Do you mean just exclude ML and high value in unit calculation?
No, sorry, I edited my code. I mean what I have posted now.
OK, I'll try this option. Because I have unified function to process all columns need to be formatted with units, it's not easy to make change in current structure. The change probably will not have time to come into this release.
App and package updated to 0.2.5, and hosted app was updated with latest ctmm too.
In my code I need to format all the columns in a table, and all models need to be formatted with same unit, so I have a function to check the whole column then determine the unit. The ML/low/high values are different rows of same column at this time (later they will be reshaped to wider columns, but it's easier to deal with as rows for processing), so it's a little bit difficult to separate ML/high value here.
It can be done, just will need quite some extra structures.
I'm wondering if we can just exclude all zeros in checking unit?
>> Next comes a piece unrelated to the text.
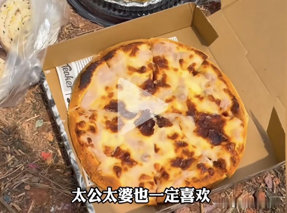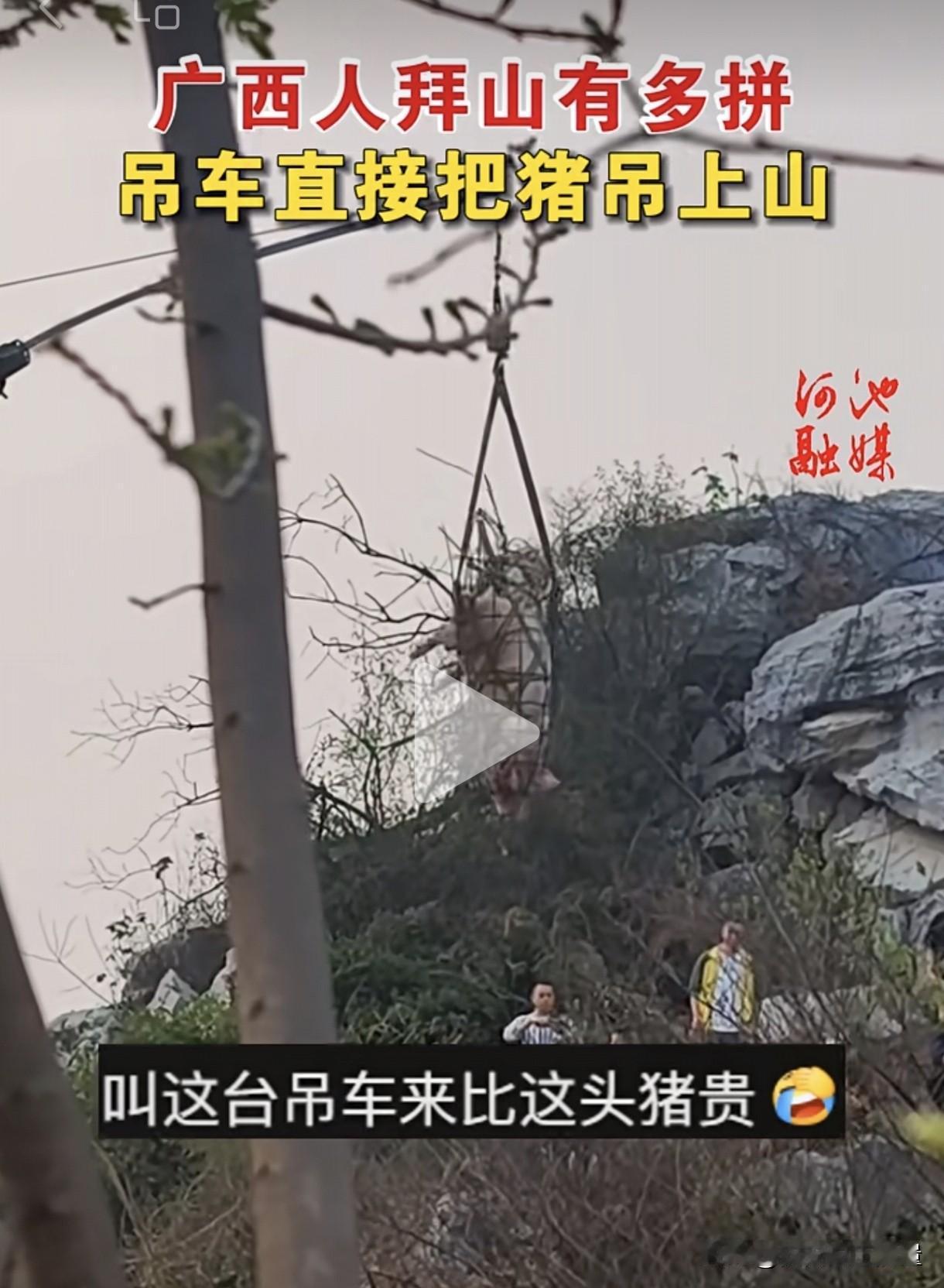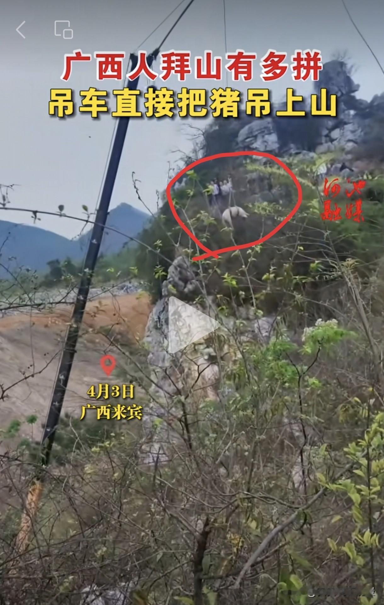 当广西00后成为清明祭祖的主力,画风就有点盖不住了。几十斤的大音响直接扛上山,薯条、炸鸡、披萨、奶茶、汉堡,他们最喜欢的零食全部拿到山上给太爷太奶吃。当然也有本地美食雨声,直接在山上现场切。更为夸张的是,有人直接请吊机将一头大活猪吊到山上祭拜祖先。

Zero value can be in any unit, and they really don't bring any information in determining the unit, instead they will skew the median value (make the function think the zero value is small and need smallest unit).
I think we can simply exclude them then take median. Nothing in ctmm part need to be changed, I only need to add a check in picking unit, and it will work on all columns. If some non-CI columns have similar case of lots of zero then a big number, which can lead to same problem in old code and the ML/high method, and this method will fix that case too.
Also I think we can make the bar a little bit higher for non-zero. .Machine$double.eps
is 2.220446e-16
in my machine, but I think any value smaller than like 1e-9
can be treat like zero already in considering unit. There is not much difference between 3e-9 microsecond
and 3e-12 seconds
, and the latter is easier to compare and reasoning with SI unit.
This is much easier to implement. I implemented it and it looks good.
One minor question, is hm2
a commonly used unit and well known to regular users? For myself I need to search to know what it is, and even after that it's hard for me to have a feel how large is 1hm2
. Though maybe it's common for animal tracking people?
Hectares are reasonably common, though people might not recognize that a hectare is a square hectometer.
I'm running automated tests with all ctmm internal datasets.
@chfleming , with sampled wolf data
There was some warning about duplicated row number, I'm looking at it now.
In speed outlier page it seemed the default estimate function met problem, the app fell back to alternative definition.
model selection page
home range plot, 2 plots have the contour messed up
estimating speed took quite some time